MITRE's ATT&CK Framework

Overview

• Adversary Challenges
  • Adversaries typically remain undetected on networks for months after a breach.
  • Understanding adversarial penetration, movement, and objectives is crucial for defense.

ATT&CK Framework by MITRE

• Describes how adversaries infiltrate networks, move laterally, escalate privileges, and evade defenses.
• Provides perspective from the adversary's point of view, outlining their goals and methods.

Tactics and Techniques

• Tactics: Specific technical objectives that attackers aim to achieve.
  • Examples include:
    • Defense Evasion
    • Lateral Movement
    • Exfiltration
• Techniques: Various methods an adversary might use to achieve each tactic.
  • Techniques vary based on adversary expertise, tool availability, and system configuration.
  • Each technique includes:
    • Description of the method.
    • Applicable systems or platforms.
    • Known adversary groups using the technique.
    • Mitigation strategies.
    • References to real-world usage.

Benefits of ATT&CK

• Understanding Adversary Operations
  • Helps in planning detection and prevention strategies.
  • Provides insights into adversary preparation and execution stages.
• Detection Enhancement
  • Framework aids in developing analytics for detecting adversary techniques.

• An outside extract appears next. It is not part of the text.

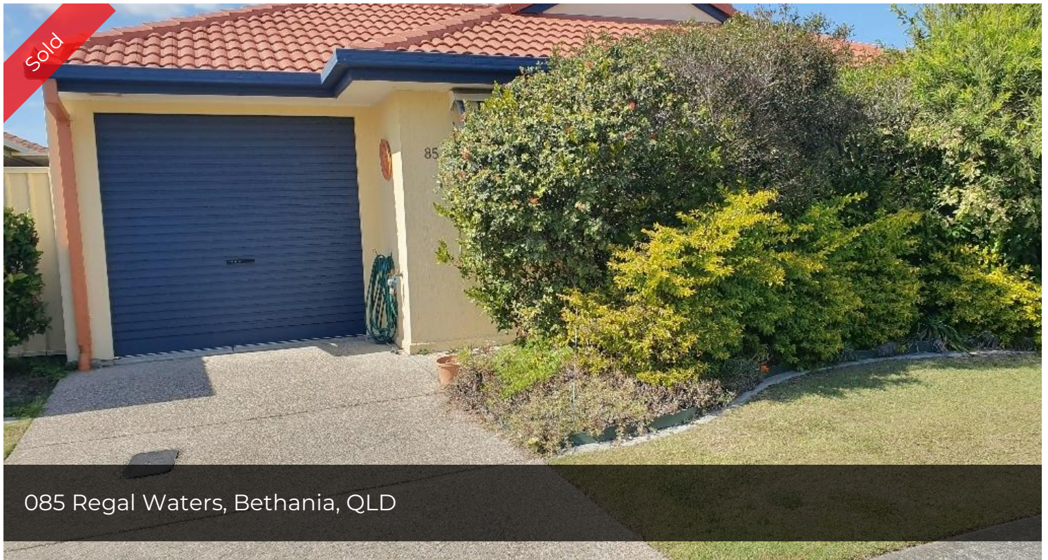
085 Regal Waters, Bethania, QLD

Adversary Group Information

• ATT&CK maintains a library of adversary groups and their campaigns.
• Based on real-world data, allowing correlation of adversaries with techniques.

Technology Domains

• ATT&CK is segmented into domains covering:
  • Enterprise networks (Windows, Linux)
  • Mobile devices

Community and Collaboration

• MITRE fosters a community around ATT&CK for knowledge refinement and sharing.
• A conflict-free environment is maintained for creating and managing information.

Conclusion

• ATT&CK helps organizations understand adversaries, evaluate defenses, and improve security.
• MITRE provides resources and solutions in cyber threat intelligence for a safer world.